I'll just say it: I'm a terrible blogger.

Once upon a time, I blogged every single day. There were 365 new posts every single year, discussing god knows what fashion or beauty trend I was testing out or life event I wanted to utilize for content. Slowly but surely, my life outside of the internet and my various content ventures began expanding and so I cut back. First, to five days a week, giving myself the weekend to recharge and pre-write as much as I could for the five posts ahead. I kept that up for a year or so until I moved to New York, cutting back my content to three times a week so I could live and adjust and spend time creating content. Somewhere along the way, any semblance of a schedule slipped away. Work became more demanding, my social life flourished more than it ever had before, and I had to start prioritizing other projects that were more time demanding and, well, you know, paid.

If you follow me on Instagram (which you should, if only to see horribly unattractive selfies of me crying on too much of a regular basis), you may know that my content creation has been lacking in every sense of the word.
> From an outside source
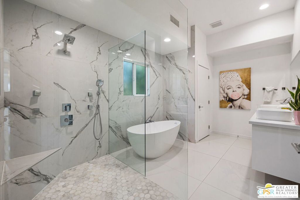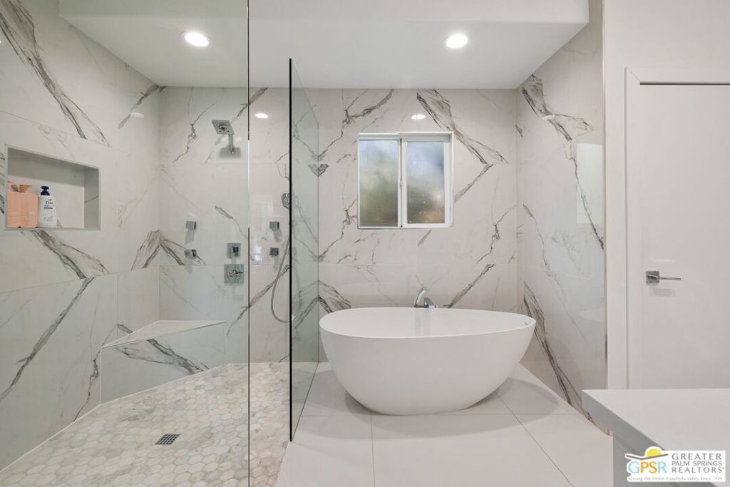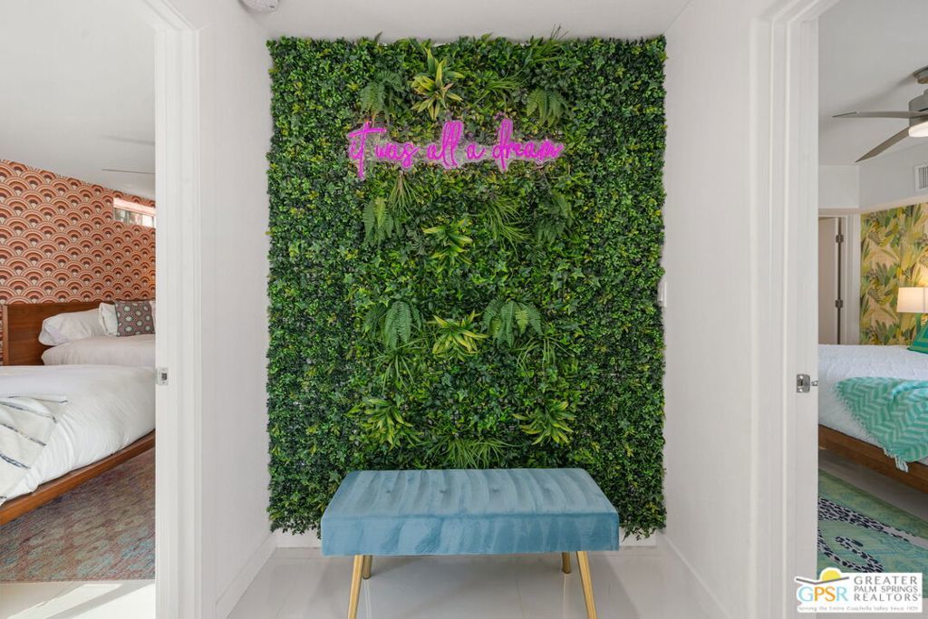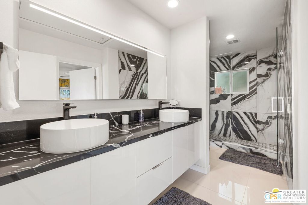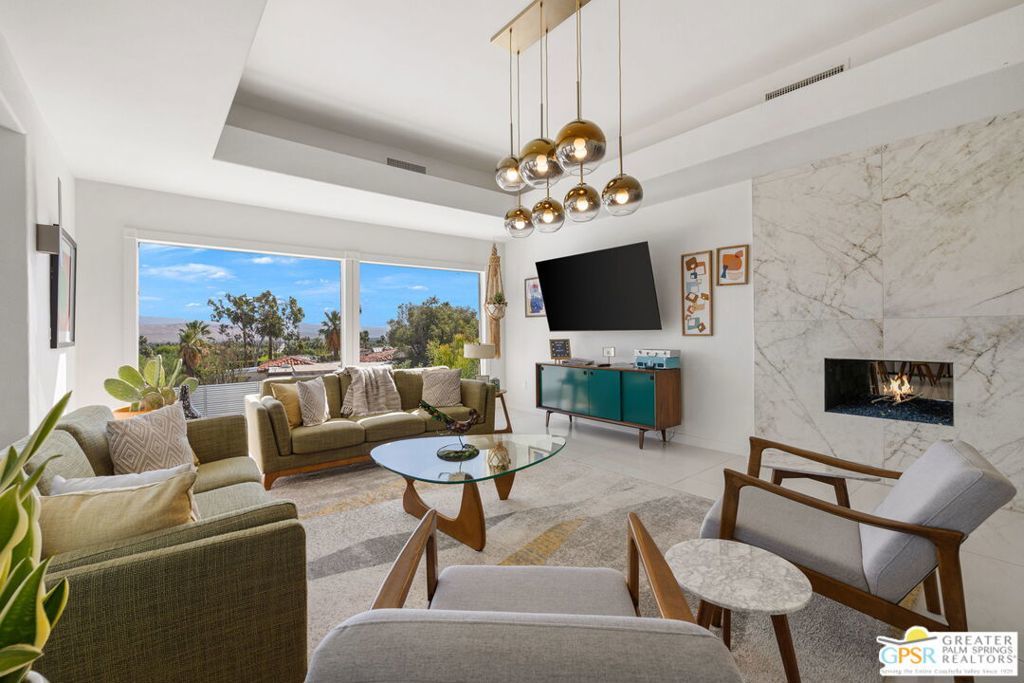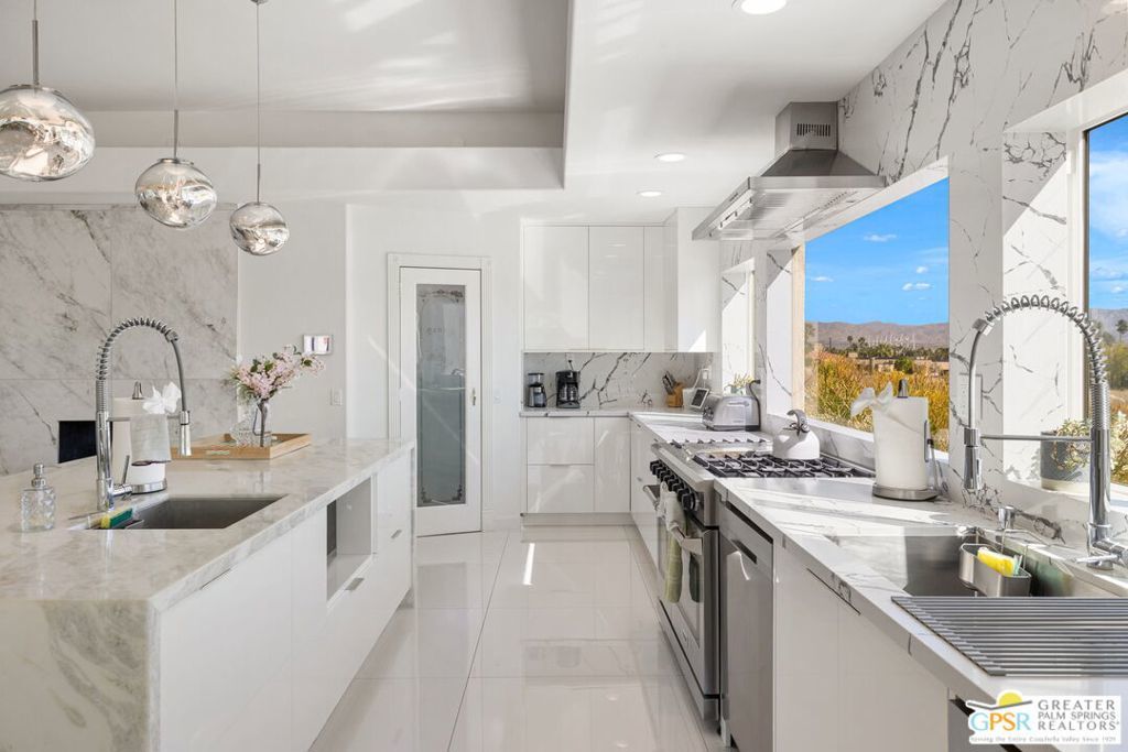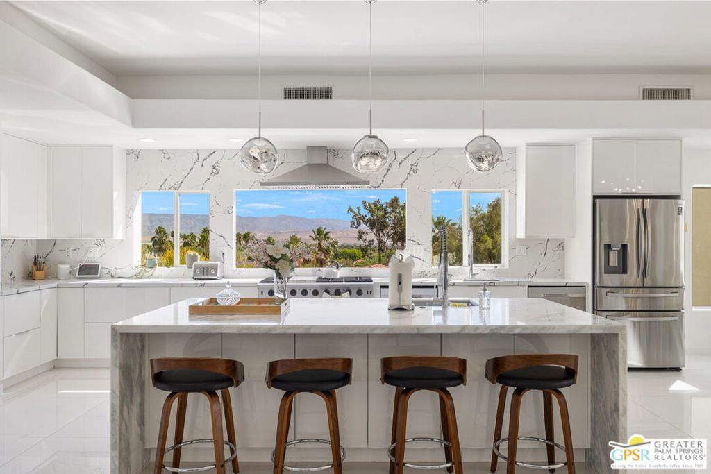 An exceptional opportunity to own a TURNKEY fully furnished renovated HILLTOP estate in Chino Canyon with jaw-dropping 360 views, resort-style amenities, and proven vacation rental income. This gorgeous retreat captures truly breathtaking panoramic views, stretching across the iconic Palm Springs mountains, sparkling city lights, and even snow-capped peaks of Big Bear. From sunrise to sunset, every angle of this property is designed to showcase the beauty of the desert from an elevated, private vantage point. Spanning over 3,500 square feet and situated on an oversized lot of more than 17,000 square feet, this completely remodeled home offers both space and privacy in a truly spectacular setting. All four bedrooms are en-suite and each with its own walk-in closet. Two bedrooms are located upstairs and two downstairs with both levels offering direct access to the backyard, creating an ideal layout for seamless indoor-outdoor living and guest privacy. The primary suite is a true retreat, complete with a soaking tub and a private laundry area conveniently located within the walk in closet. The immense kitchen is both stunning and functional, featuring quartz countertops, a striking marble waterfall island, stainless steel appliances including a Thor double oven, soft-close cabinetry, and a walk-in pantry. Designed for both relaxation and entertaining, the outdoor spaces are truly resort-inspired. Enjoy the massive pebble-tec saltwater pool with new equipment and heater, a built-in gas firepit, and a fully equipped outdoor kitchen complete with BBQ, sink, and refrigerator, all set against a dramatic backdrop of mountain views and windmill vistas. Lush grass, mature ficus, and natural rock and boulder landscaping enhance the sense of privacy and tranquility. Inside, the home features white Spanish porcelain flooring, beautifully finished bathrooms with porcelain tile showers, and a gas fireplace that welcomes you at the entry. A separate outdoor laundry room and pool bathroom add convenience for guests and effortless entertaining. Additional highlights include a motorized gated entry, security system, solar system, new plumbing (hot and cold supply), updated downstairs HVAC, EV charging in the covered two car garage, and fully permitted improvements throughout. This property is not only a stunning primary or second home, but also a highly successful vacation rental. Located in a neighborhood where short-term rental permits are still available (buyer to verify), it presents an exceptional investment opportunity with strong income potential. Here is your chance to own a meticulously upgraded desert sanctuary with unmatched views, privacy, income potential, and lifestyle amenities just minutes from the heart of Palm Springs.

Photos on my feed, much like this blog, have been almost nonexistent. My Stories, due to the fact that they require very little energy and brainpower to create (considering they're absolute nonsense from my head) have been active, but when it comes to everything else...meh. I shared a photo the other day that I would paraphrase but instead, I will share the quote from Twitter user Kashia, whose account is private so I can't hyperlink to her tweet.

"I feel like my generation lost hobbies. Everything doesn't have to be a hustle, side hustle, or money-making enterprise. Sometimes it's just fun to do something because it brings you joy, peace, relaxation, or allows you to be creative. Let's rediscover hobbies in 2020."
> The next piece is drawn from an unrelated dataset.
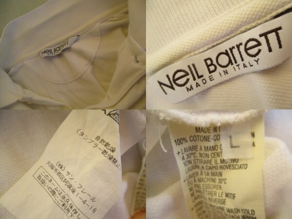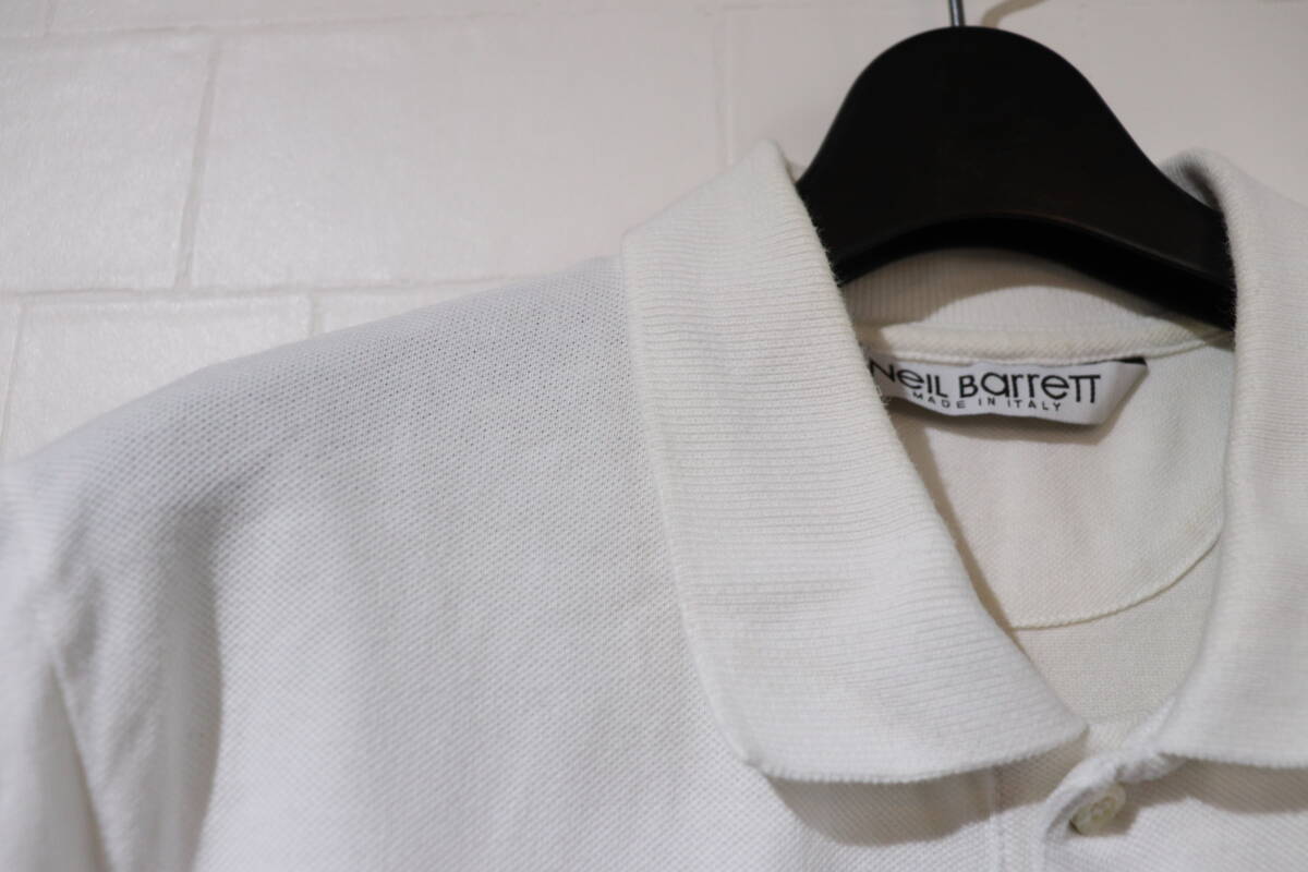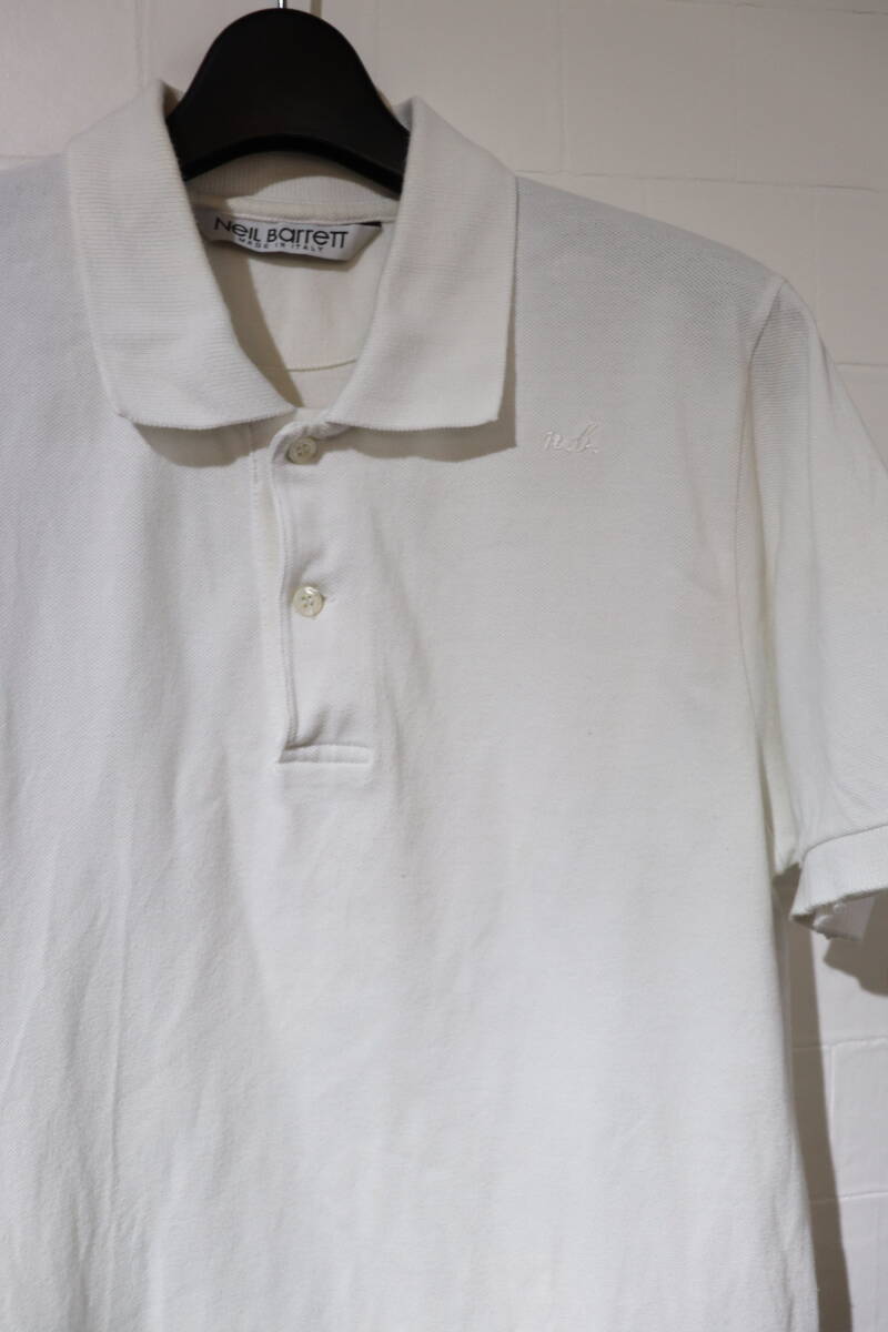 『送料レターパック対応可能   NEIL BARRETT   半袖胸刺繍ポロシャツ   メンズL   ホワイト』

This admittedly hit me like a ton of bricks. I've had this blog since the summer before my senior year of high school in 2012. It was never supposed to be more than just something I did for fun to be creative. I was never any good at drawing or painting or creative writing. I have always been good at talking about myself though, so it seemed like the perfect pairing. Shortly after, blogs turned into Instagram and YouTube and TikTok and my hobby turned into jobs for other people and ended up being the industry that I work in during my regular salaried job. Because of the shift, the questions about my blog and social media presence turned into "Do you want to do this full-time?" and my answer has consistently been "No."

This hasn't been something I've ever thought about doing as a career, hence why I put forth, uh, zero effort in promoting myself. It's just not my goal, which is cool, the same way that it's also cool if it's someone else's goal. I just wanted something fun to do with my time that let me talk about my interests and meet cool people and just something to put my name on that someway, somehow documents my life on the internet.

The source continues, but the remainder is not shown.